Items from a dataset
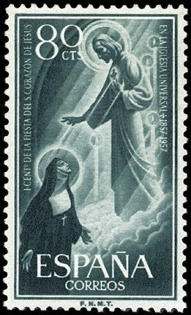 Visibility: public Image owner: none postage 10/12/1957 80c dkblgrn d=Sacred Heart of Jesus feast unwmk perf=14 Crops No visible images cropped from this one. Measurements Resolution is unknown. Source Source name: Colnect File URL: http://i.colnect.net/b/1299/762/Centenary-of-the-Feast-of-the-Sacred-Heart.jpg Uploaded April 23, 2013, 5:39 am by Stan Shebs |
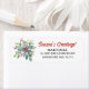 Um elegante arranjo de aquarela verde, sagrado e bagas vermelhas decora esta etiqueta de endereço de volta de Natal. Concebido para coordenar com a Fesestivo Holly e a Berry Collection.
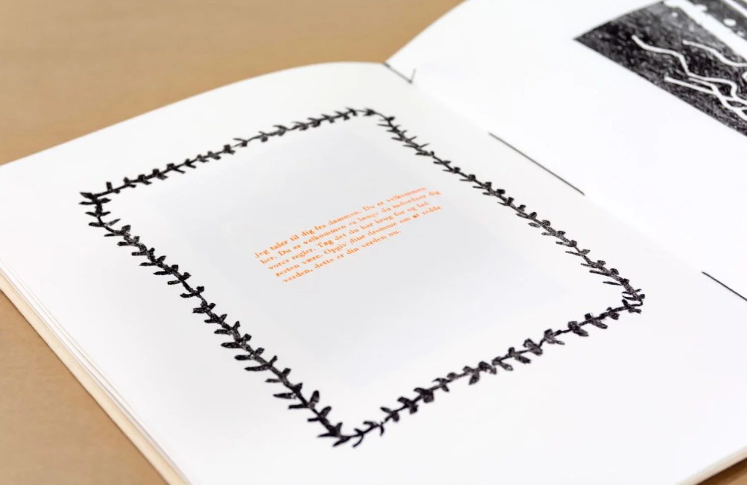 Jensen stiller ut en bok trykket med litografi, boktrykk og en monolog fra fisken damkaruss.
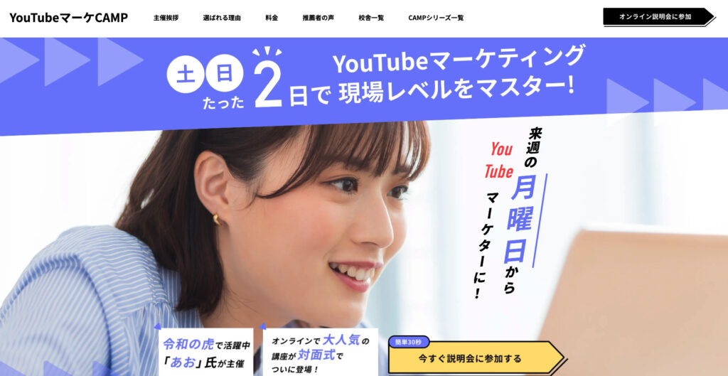YouTubeマーケCAMPは、医師免許を持つ青笹寛史(あお)氏が主催するたった2日間で現場レベルのYouTubeマーケターになれる集中講座です。
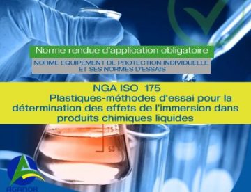 NGA ISO 175 : Plastiques-méthodes d’essai pour la détermination des effets de l’immersion dans des produits chimiques liquides. La NGA ISO 175 spécifie une méthode d’exposition d’éprouvettes en plastique exemptes de toute contrainte extérieure à des produits chimiques liquides, ainsi que des méthodes de détermination des variations des caractéristiques résultant d’une telle exposition. Elle ne…
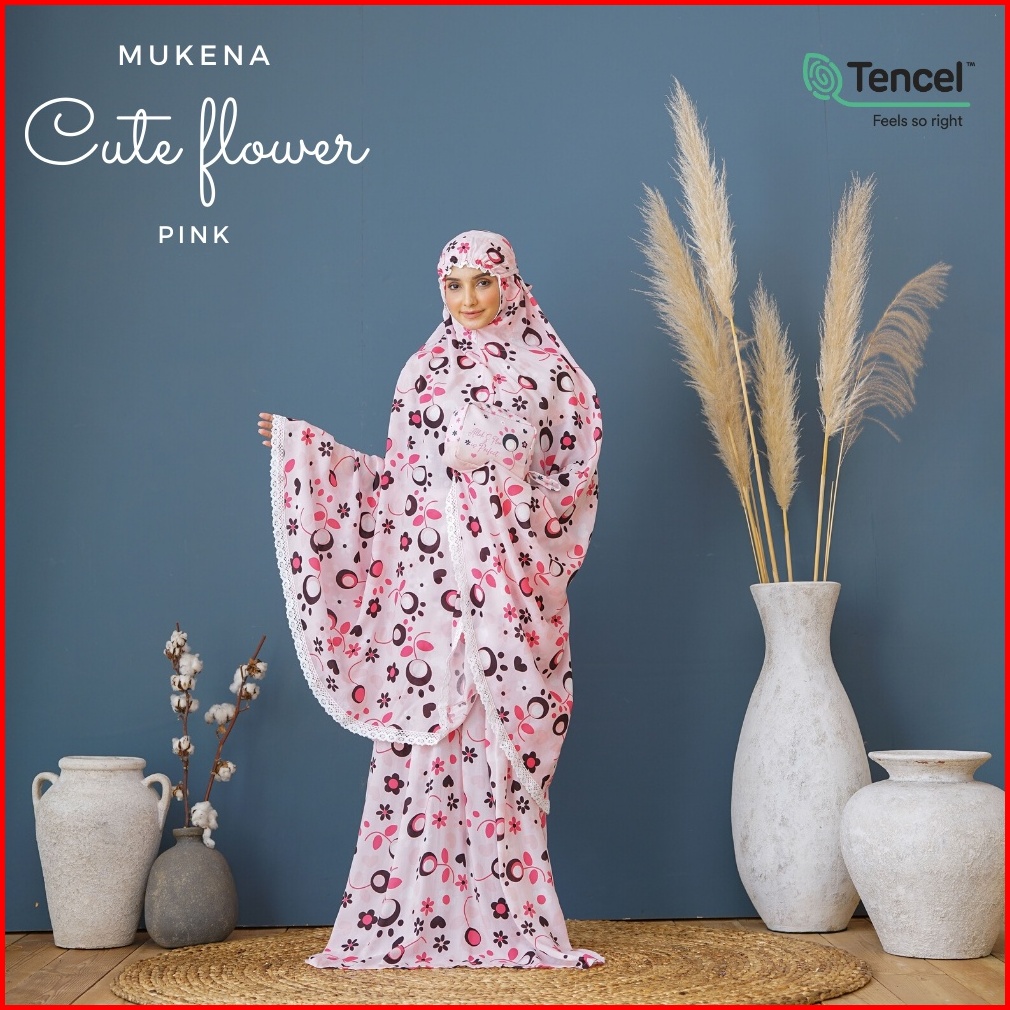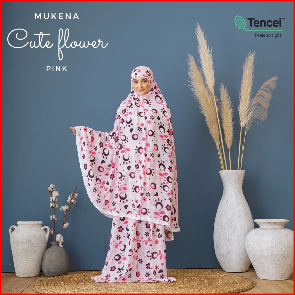 Belimukena Premium - Mukena Cute Flower Pink Free Tas Pouch Box

→ What to do
Print, please, exactly the lines from the one holding "NGA ISO 175 : Plastiques-méthodes" through the final line of the data, both included, while leaving out each picture.

→ Output for this task
 NGA ISO 175 : Plastiques-méthodes d’essai pour la détermination des effets de l’immersion dans des produits chimiques liquides. La NGA ISO 175 spécifie une méthode d’exposition d’éprouvettes en plastique exemptes de toute contrainte extérieure à des produits chimiques liquides, ainsi que des méthodes de détermination des variations des caractéristiques résultant d’une telle exposition. Elle ne…
 Belimukena Premium - Mukena Cute Flower Pink Free Tas Pouch Box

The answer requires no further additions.